On the frontier of water rights: Forfeiture then and now
Forfeiture of water is an important limitation on water rights in the western United States, where the right to water is allocated in order of the seniority of the water right. While often criticized in the modern context for incentivizing wasteful water use and increasing transaction costs, forfeiture served an important function during the establishment of the western frontier of the United States. We develop a theoretical model of water property rights that differs from analogous approaches in other property rights in that the maintenance cost of the right involves the use of the resource itself. This has broad implications for the optimal forfeiture period, particularly in the current setting of increasing water demand. A crucial factor is the degree of abandonment of claims, which plays a role during the initial allocation of the resource but diminishes as rights are more firmly established and the value of water increases.
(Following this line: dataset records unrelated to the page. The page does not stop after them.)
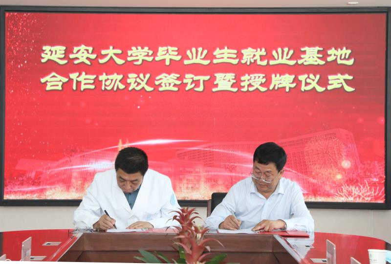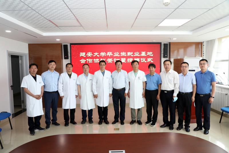 5月28日,我院与延安大学举行毕业生就业基地合作协议签订暨授牌仪式,延安大学党委副书记田伏虎教授、延安大学学工部副部长、就业指导中心主任张翔、延安大学化工学院院长张琰图教授,延安大学医学院副书记罗世乾、教学办主任高枫、延安大学就业指导科科长赵鹏飞和我院领导班子、部分职能及临床科室负责人、延安大学毕业生代表参加签约揭牌仪式,共同见证这一重要时刻。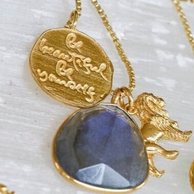 Be Beautiful, Be Yourself pendant, with large labradorite and charming lion pendant. A lovely statement piece, with the rather brave lion to bring the wearer courage.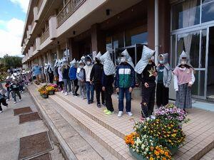 6年生は,しっかり手を振って,膝を高く上げて行進していました。その姿を見て下級生が真似する,とても良い関係性ができています。プラカード,旗の保持者など役割をもつ子供たちは先週から業前に練習をしていました。初めてなのにスムーズに移動ができたのは,そういった事前の準備があったからなのだと思いました。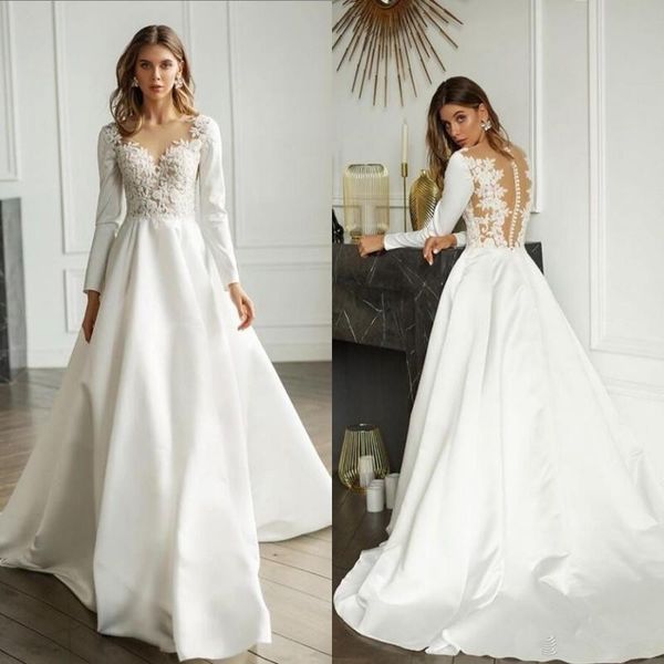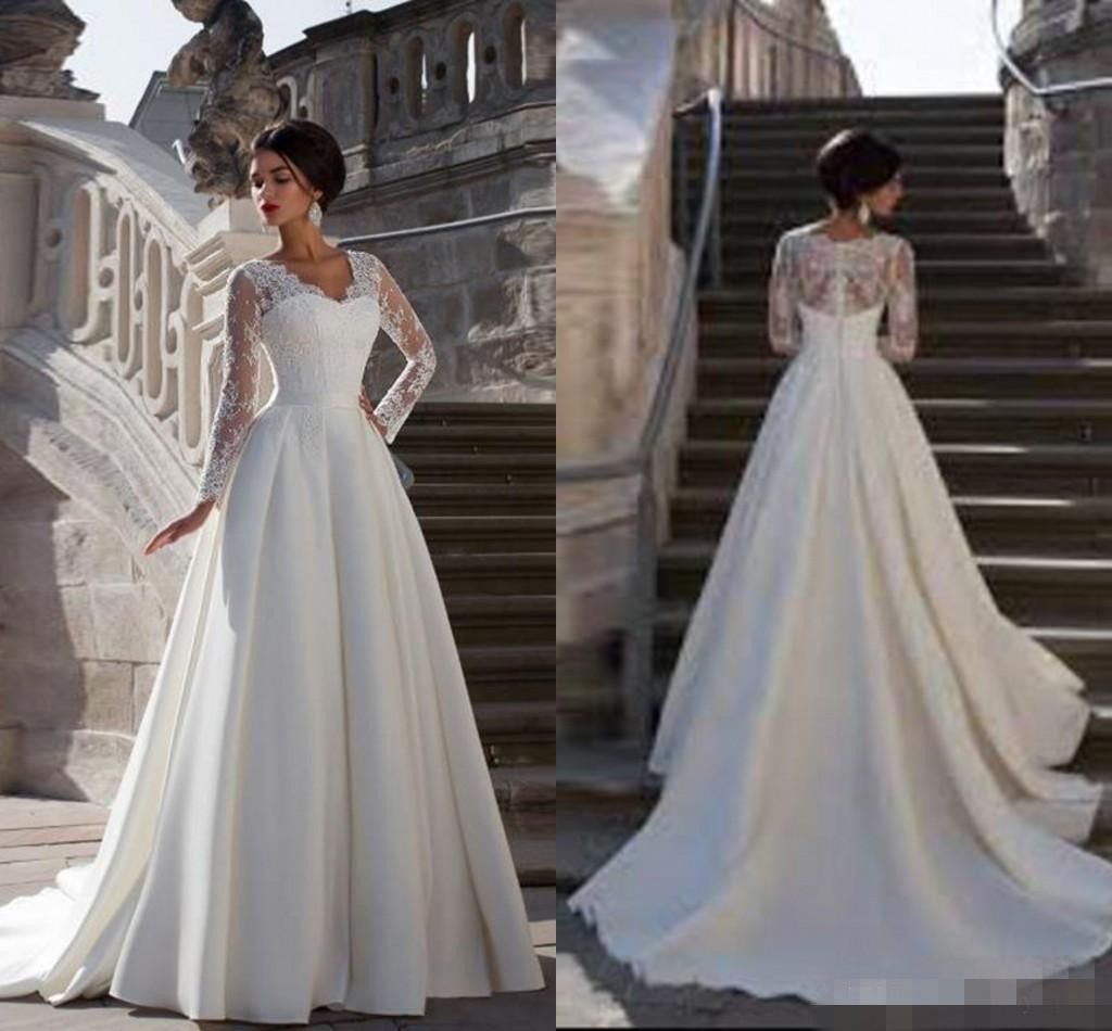 Discount 2020 Simple Satin Wedding Dresses Long Sleeve Lace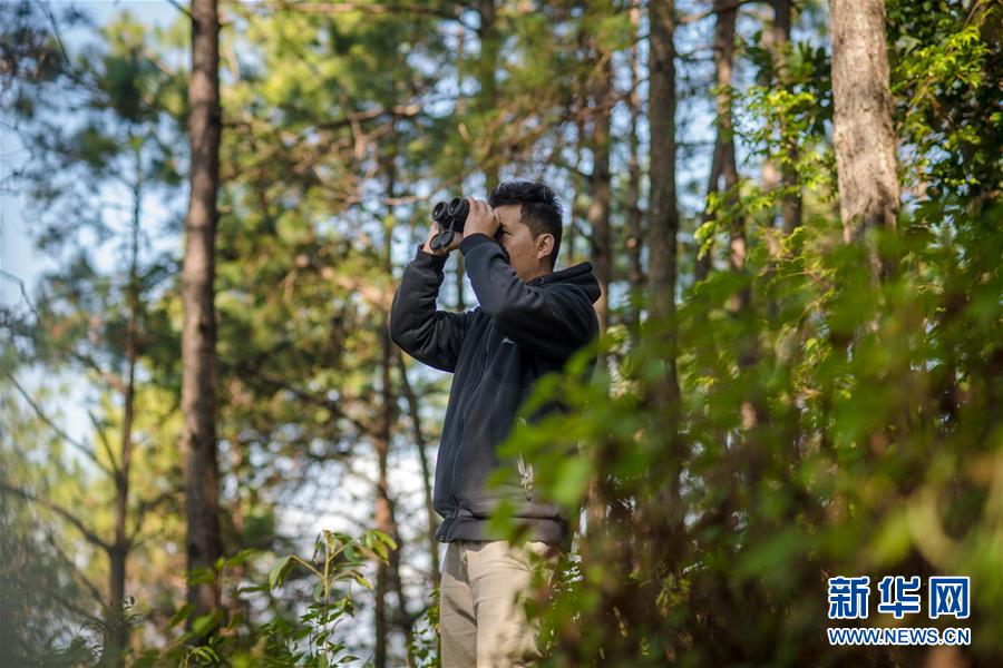 羅康在哀牢山的松樹林里觀測鳥類(12月12日攝)。 新華社記者 胡超 攝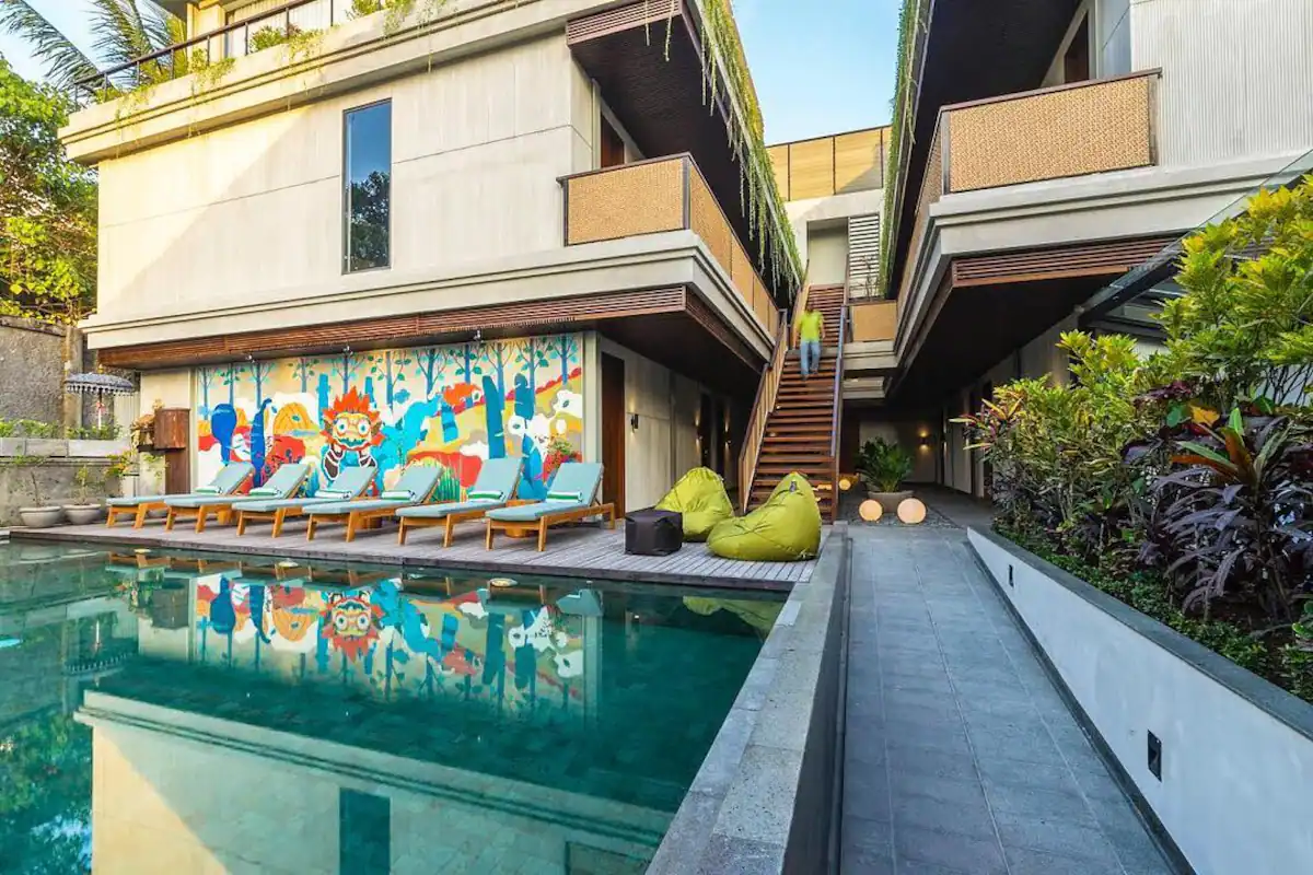 From the heart of Ubud, a modern two stories concrete merge seamlessly with the lush surroundings. Brushed by Bali’s notable emerging contemporary artists, Our Hotel is becoming more alive with its curated artworks and also from the lively Flock Restaurant & Bar – Ubud residing just next to the hotel. Breathe some fresh morning air and stroll to Monkey Forest or Traditional Art Market in just less than 10 minutes walk.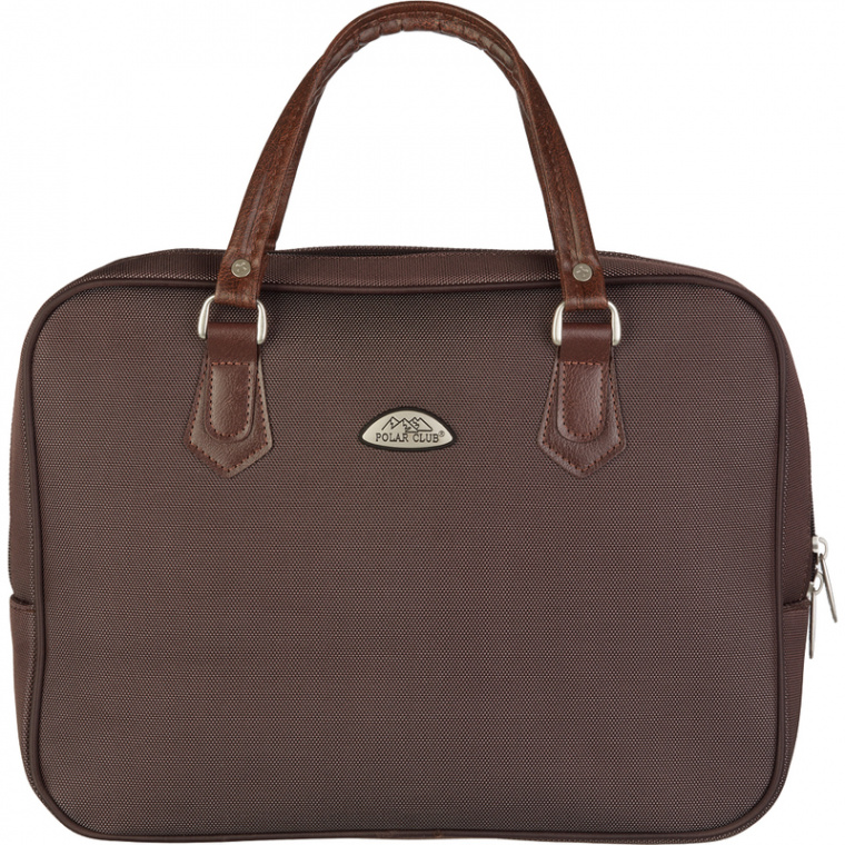 Сумка-папка Polar коричневого цвета предназначена для документов формата А4. Одно основное отделение закрывается на молнию. Внутри один открытый карман. Высота ручек — 14 см. Плечевой ремень у данной модели отсутствует.

While a longer forfeiture period may be more optimal in the present, institutional path dependency plays a role in limiting current responses.
Property rights and the relationship between conflict and drought
Recent work investigating the effect of drought on conflict has focused on the extent to which drought affects the risk of small scale sub-national conflict between groups (Almer et al. 2017; Harrari and La Ferrara, 2017). While estimating the causal effect of drought on small scale conflict is important, understanding the mechanisms that drive that relationship can help societies manage their water resources and mitigate any risk of conflict. Societies that successfully manage scarce resources may weather the storm. Half of all small-scale conflicts in our sample occur in just ten countries, suggesting that variation at the country level plays an important role in determining the risk of conflict as a response to drought. One such role may be property rights for water. Well-defined property rights can help to govern access and facilitate coasian negotiation and legal recourse. Yet rights that exclude groups may also act to increase conflict. In this paper we examine how property rights work to mitigate drought-induced conflict in Africa and Latin America. In our primary analysis, we employ a random effects model specified to allow for property right variation at the country level while also estimating the “within” effects of drought on small scale conflict. Preliminary results suggest that while drought has an effect on the risk of conflict, variation between countries plays an important role. Some evidence exists that stronger private property rights, especially when providing for traditional ownership by indigenous peoples, reduce the likelihood of conflict.